First off I wasn't sure if I should post this as a Ubuntu question or here. But I'm guessing it's more of an Python question than a OS one.
My Python application is running on top of Ubuntu on a 64 core AMD server.
It pulls images from 5 GigE cameras over the network by calling out to a .so through ctypes
and then processes them.
I am seeing frequent pauses in my application causing frames from the cameras to be dropped by the external camera library.
To debug this I've used the popular psutil
Python package with which I log out CPU stats every 0.2 seconds in a separate thread.
I sleep for 0.2 seconds in that thread and when that sleep takes substantially longer I also see camera frames being dropped.
I have seen pauses up to 17 seconds long!
Most of my processing is either in OpenCV or Numpy (both of which release the GIL) or in one part of the app a multiprocessing.Pool
with 59 processes (this it to get around the Python GIL).
My debug logging shows very high 'system' (i.e. kernel) CPU time on many of my process' threads when the pauses happen.

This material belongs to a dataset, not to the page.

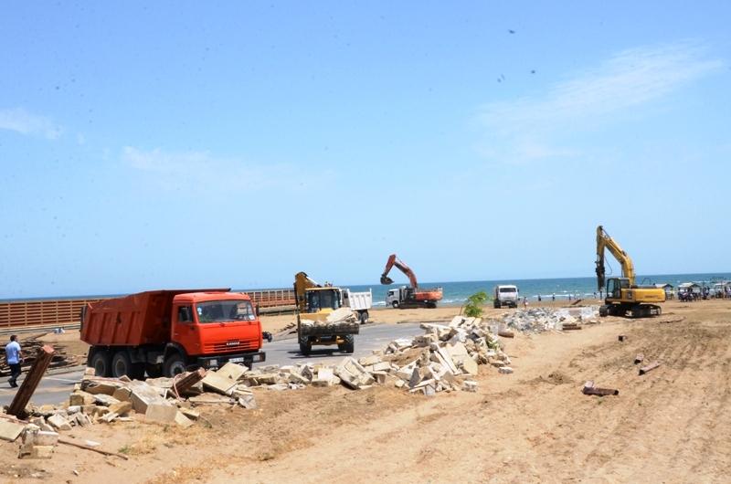Qeyd olunan qanunsuzluqların aradan qaldırılması, eləcə də ölkə başçısı cənab İlham Əliyevin Xəzər dənizinin sahilboyu ərazilərinin qanunvericiliyin tələblərinə uyğun olaraq bərpa edilməsi və insanların dəniz sahilinə sərbəst giriş-çıxışı təmin edilməsi ilə bağlı müvafiq Sərəncamının icrası məqsədi ilə səhər saatlarından etibarən Bakı Şəhər və Xəzər Rayon İcra Hakimiyyərlərinin, kommunal qurumların texnikaları və işçiləri tərəfindən Buzovna qəsəbəsində sahilyanı ərazilərdəki qanunsuzluqların aradan qaldırılmasına başlanılıb. Zəbt edilən torpaq sahələrinin hasarları, ərazidə bəzi sənədsiz tikililər, çimərlik ərazisinə daxil olmağa mane olan sədlər sökülür. Həmçinin kommunal xidmətlərin işçiləri tərəfindən qayalıq ərazilərinin müxtəlif tullantılardan təmizlənməsinə başlanılıb.

For example. I see CPU times as follows (usually every 0.2 seconds) and then suddenly a big jump
('Process' numbers are in CPU utilization, i.e. 1 CPU fully used would be 1, Linux top
showing 123% would be 1.2):
Process user | Process system | OS system % | OS idle %
19.9 | 10.5 | 6 | 74
5.6 | 2.3 | 4 | 87
6.8 | 1.7 | 11 | 75
4.6 | 5.5 | 43 | 52
0.5 | 26.4 | 4 | 90
I don't know why the high OS system usage is reported one line before matching high process system usage.
The two match up since 26.4 of 64 cores = 41%. At that point my application experienced an approximately 3.5 second pause
(as determined by my CPU info logging thread using OpenCV's cv2.getTickCount()

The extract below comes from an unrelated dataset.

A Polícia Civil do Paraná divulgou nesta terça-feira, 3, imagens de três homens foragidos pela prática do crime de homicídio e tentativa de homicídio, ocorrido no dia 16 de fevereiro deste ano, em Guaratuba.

and also the jump in time stamps in the Python logging output)
causing multiple camera frames to be dropped.
When this happens I have also logged the CPU info for each thread of my process. For the example above 25 threads were running at a 'system' CPU utilization of 0.9 and a few more at 0.6, which matches the total for the process of 26.4 above. At that point there were about 183 threads running.
This pause usually seems to happen close after the multiprocessing pool is used (it's used for short bursts) but by no means happens every time the pool is used. Also, if I halve the amount of processing that needs to happen outside the pool then no camera skipping happens.
Question: how can I determine why OS 'system' / kernel time suddenly goes through the roof? Why would that happen in a Python app?
And more importantly: any ideas why this is happening and how to avoid it?
Notes:
- This runs as root (it has to for the camera library unfortunately) from
upstart
- When the cameras are turned off the app restarts (using
respawn
in upstart) and this happens multiple times a day so it's not due to being long running, I have also seen this happen very soon after the process starts - It is the same code being run over and over, it's not due to running a different branch of my code
- Currently has a
nice
of -2, I have tried removing thenice
with no affect - Ubuntu 12.04.5 LTS
- Python 2.7
- Machine has 128GB of memory which I am no where near using